Fig. 3 Mediterranean subdomains for intensity change analysis: western (W), northern (N), southern (S) and eastern (E) subdomains relationship, the Mediterranean Sea has been divided in four subdomains, shown in Fig. 3. The northern subdomain corresponds roughly to the area of Genoa cyclones. The warmer waters occur in the southern and eastern subdomains, which are not fully included in all the five models. If a direct relationship exists between higher SSTs and the cyclone intensity increase, this should show up in the spatial distribution of cyclone centres.

Figure 4 shows, for all five models and for every subdomain, the frequency of cyclone centres (all low pressure centres during the 30-year simulation period) and the average intensity of the four most intense cyclone centres, as a measure of the change in extreme intensity from CTRL to SCEN run. The model with the largest intensity increase (REMO) shows a clear increase in the number of cyclone centres and in their extreme intensity particularly over the southern and eastern subdomains, as expected if the SST increase is a major reason for these changes. But the picture isn't that clear when we look at the other models. HadRM3H shows also the largest intensity increase over the southern subdomain, but the number of detected cyclone centres is very low there. This is in part due to the more limited detection domain for this model. A visual inspection of the SLP field at the original HadRM3H domain reveals that the cyclone detection method misses several intense cyclone centres over the southern and eastern Mediterranean areas. If these missed cyclones would have been taken into account, a clearer relationship between intensity increase and SSTs for this model would have been apparent. But the largest frequency and extreme intensity increases for CLM occur over the western

Cute Pixel Art Dog

Fig. 3 Mediterranean subdomains for intensity change analysis: western (W), northern (N), southern (S) and eastern (E) subdomains

Fig. 4 Number of cyclone centres during 30 years (upper graph) and geostrophic vorticity at cyclone centre (x10~6s_1) (average of the 4 most intense cyclone centres, lower graph) for the different models, for every subdomain (horizontal axis) and for CTRL (grey bar) and A2 SCEN (white bar) simulations. The scales are different for each model

Fig. 4 Number of cyclone centres during 30 years (upper graph) and geostrophic vorticity at cyclone centre (x10~6s_1) (average of the 4 most intense cyclone centres, lower graph) for the different models, for every subdomain (horizontal axis) and for CTRL (grey bar) and A2 SCEN (white bar) simulations.
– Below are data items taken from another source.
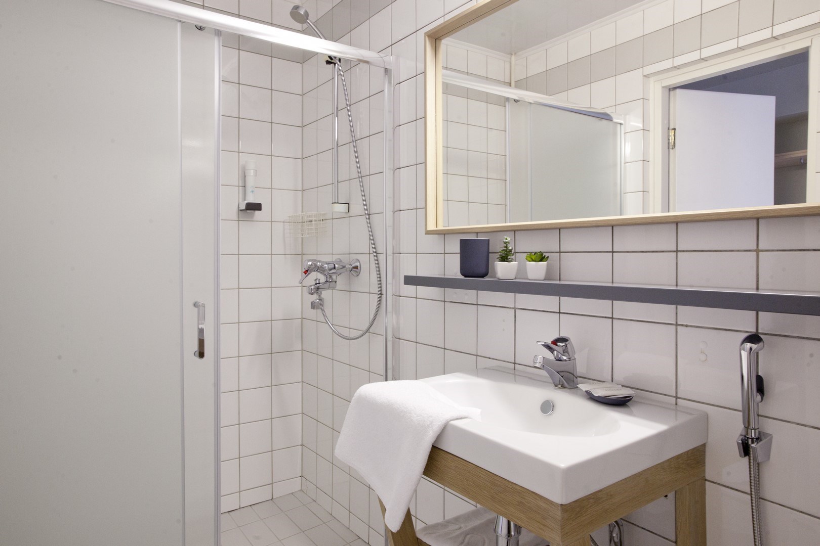 с душем: ; тапочки: ; туалетные принадлежности: ; фен: ;
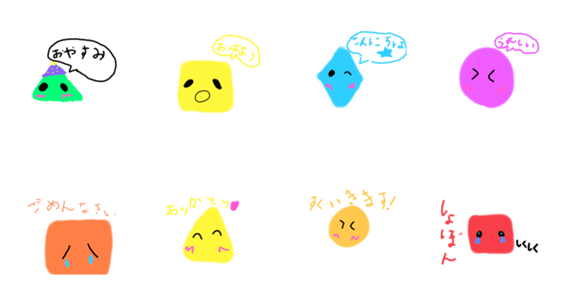 いろんなかたちに顔があるスタンプです。いろんな人に使ってほしいです。小学1年生が作ったスタンプです。
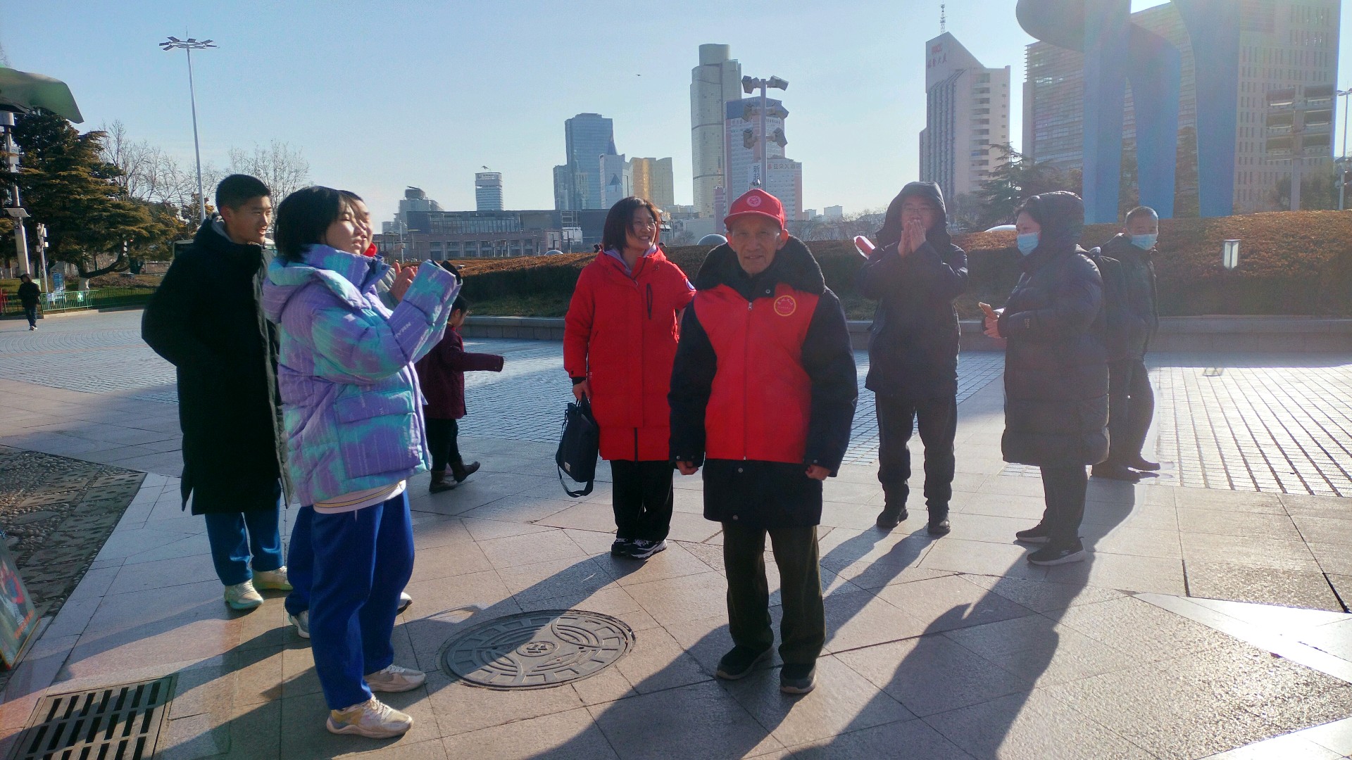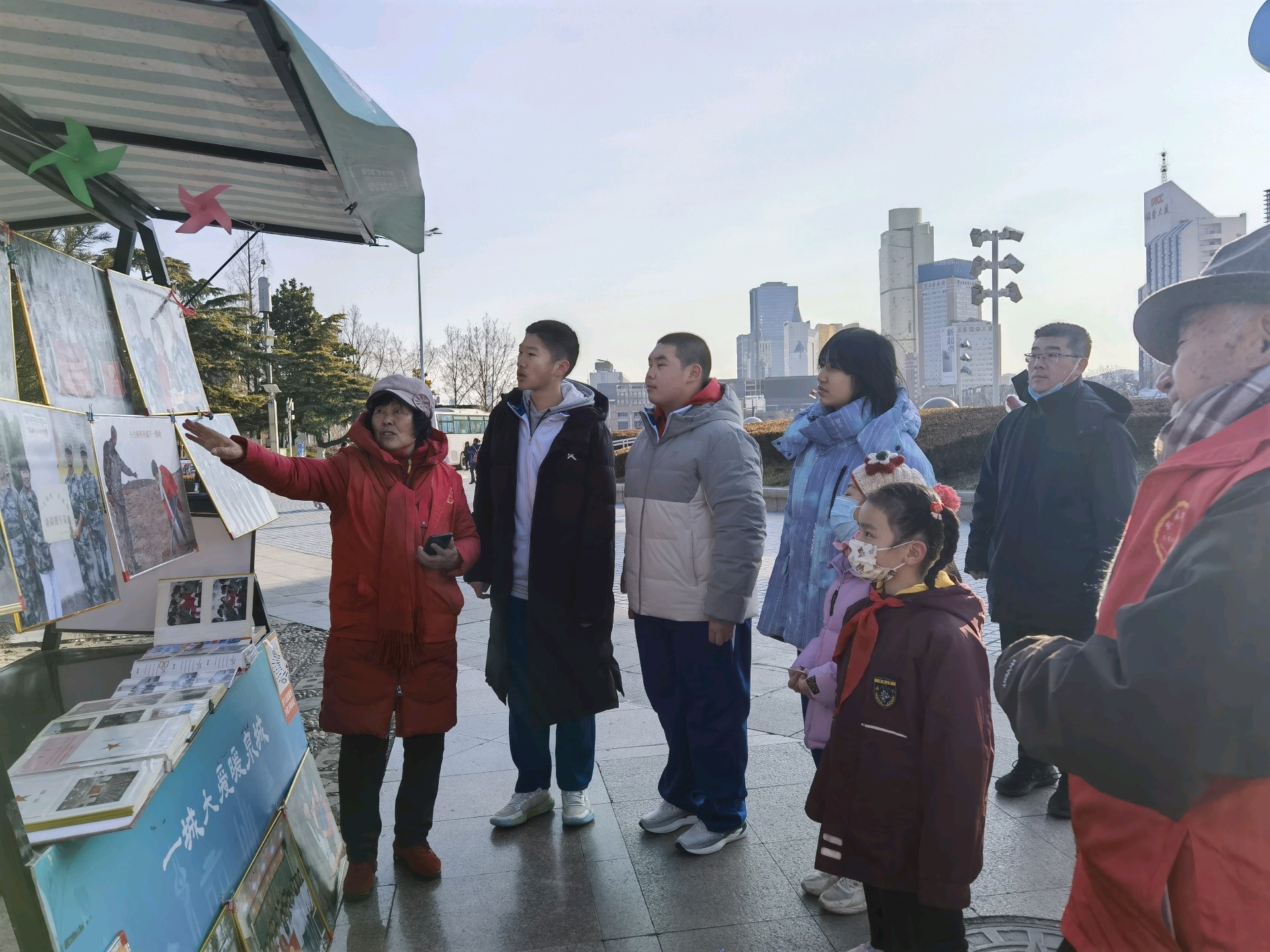 山东师范大学附属中学高一十班同学,在泉城广场做志愿者维护大客厅环境,为游客提供一些便利服务,并和家长一起观看拥军图片,进行爱国主义教育和国防教育;武警老兵钱玉田的几十年老战友,在观看拥军图片时巧遇,有说不完的话;济南的兵爸爸和兵妈妈,看到拥军照片,他们好似看到在新疆当兵的儿子,格外亲切。

The scales are different for each model subdomain, whereas in PROMES these two quantities increase similarly over three subdomains, including the northern one. Finally, RegCM (which gives no overall intensity increase) shows even some intensity decrease over the southern subdomain. For this last model, the clearest change is a frequency increase over the western subdomain, which seems to be linked mainly to more cyclone centres forming north of the Atlas mountain range.

In summary, the model ensemble shows no systematic relationship between higher SSTs and more intense cyclone centres, though a clearer relationship may be masked by the limited extension to the south and east of the detection areas.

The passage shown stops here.